Thursday, January 22, 2015

Mum with 'insane' pumping skills breaks world record

She may have had a hard time breastfeeding her own four kids, but Amelia Boomker has helped feed thousands of other people’s babies.(canvas prints photo on canvas canvas prints online)

Between 2008 and 2013, the mum from Bolingbrook, Illinois, donated almost 483 litres of breast milk to the Indiana Mothers' Milk Bank in Indianapolis – enough for her to recently take out the Guinness World Record for breast milk donation.

Boomker said she’s proud she’s been able produce plenty of milk for both her own children and those of strangers.

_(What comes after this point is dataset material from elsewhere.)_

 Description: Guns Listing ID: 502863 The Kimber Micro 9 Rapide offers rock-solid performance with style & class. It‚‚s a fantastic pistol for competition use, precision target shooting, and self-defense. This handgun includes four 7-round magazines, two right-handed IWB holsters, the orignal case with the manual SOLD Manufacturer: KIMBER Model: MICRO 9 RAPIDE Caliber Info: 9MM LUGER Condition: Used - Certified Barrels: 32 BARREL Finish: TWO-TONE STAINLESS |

“We joke that there was probably a wet nurse somewhere in the family tree,” the 36-year-old told TODAY.com.

The donated milk is pasteurised and then given to babies in hospitals in and around Illinois, with premature and ill infants in neonatal intensive care units getting priority treatment.

Boomker has donated enough milk to fill 4000 milk bottles - the equivalent of 241 2-litre bottles, or 2047 coffee cups - which have helped feed thousands of babies, said Carissa Hawkins, spokesperson for the Indiana Mothers' Milk Bank.

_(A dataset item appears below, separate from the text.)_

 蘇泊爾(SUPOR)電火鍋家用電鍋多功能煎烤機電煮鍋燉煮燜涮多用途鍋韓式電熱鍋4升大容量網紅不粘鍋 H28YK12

“It just so happens that Amelia … has some pumping skills,” Hawkins said. “It’s just insane.”

But all that milk doesn’t mean that breastfeeding was an easy act for Boomker and her four children, according to Today Moms.

Her eldest child, Danny, now 9, was born with a heart condition and had to be tube-fed. It meant Boomker spent a lot of time in the hospital’s lactation room pumping milk for her sick son.

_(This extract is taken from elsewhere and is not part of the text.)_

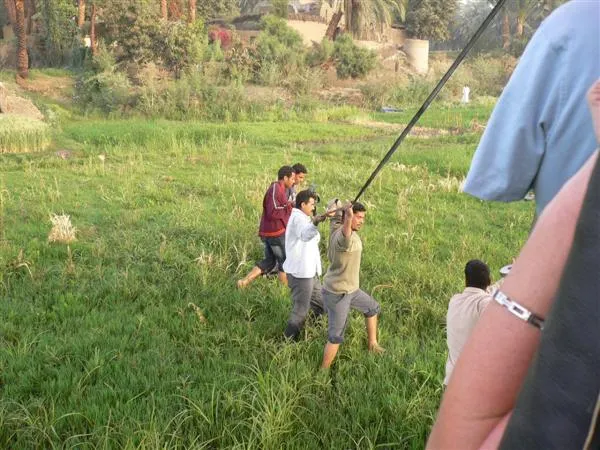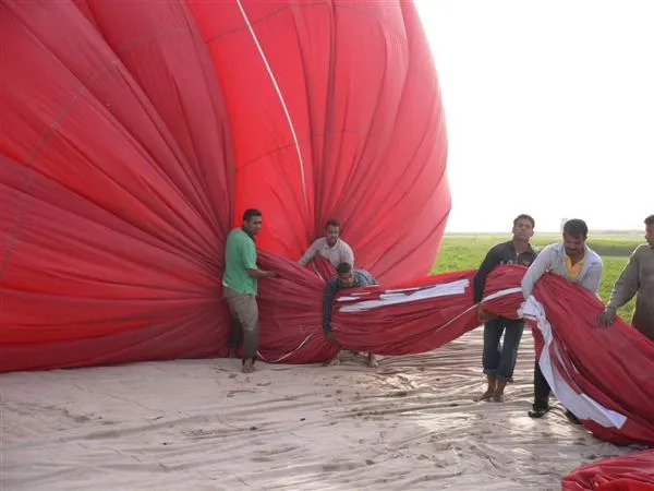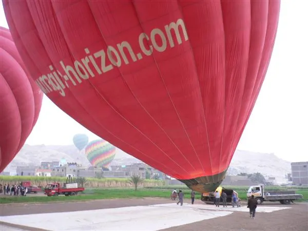 我們的氣球飄離其他的很遠,人家的在帝王谷山頭附近,我們的則一直往尼羅河飄,船長把氣球降到一些田上低飛然後再升高,再降下。然後在河邊的一片濕地著陸……

Next, her son Liam, 6, had a high palate and couldn’t latch, while Ryan, 4, never took to breastfeeding. Connor, 18 months old, was only able to do it for a few weeks, but she continues to express three times a day for him.

But Boomker persevered, continuing to pump and donating any excess milk to the local bank – in fact, before breaking the current record she had donated 207 litres to another milk bank.

The IT worker says that consistency is the key to successful pumping, and she’s grateful that her employer is understanding and flexible about her activities, as she pumps in a lactation room on site a few times a day.      

Boomker plans to continue donating, and hopes that other mums are encouraged by her story.

“I hope that the record continues to get beaten because frankly that means much more milk is getting donated,” she said.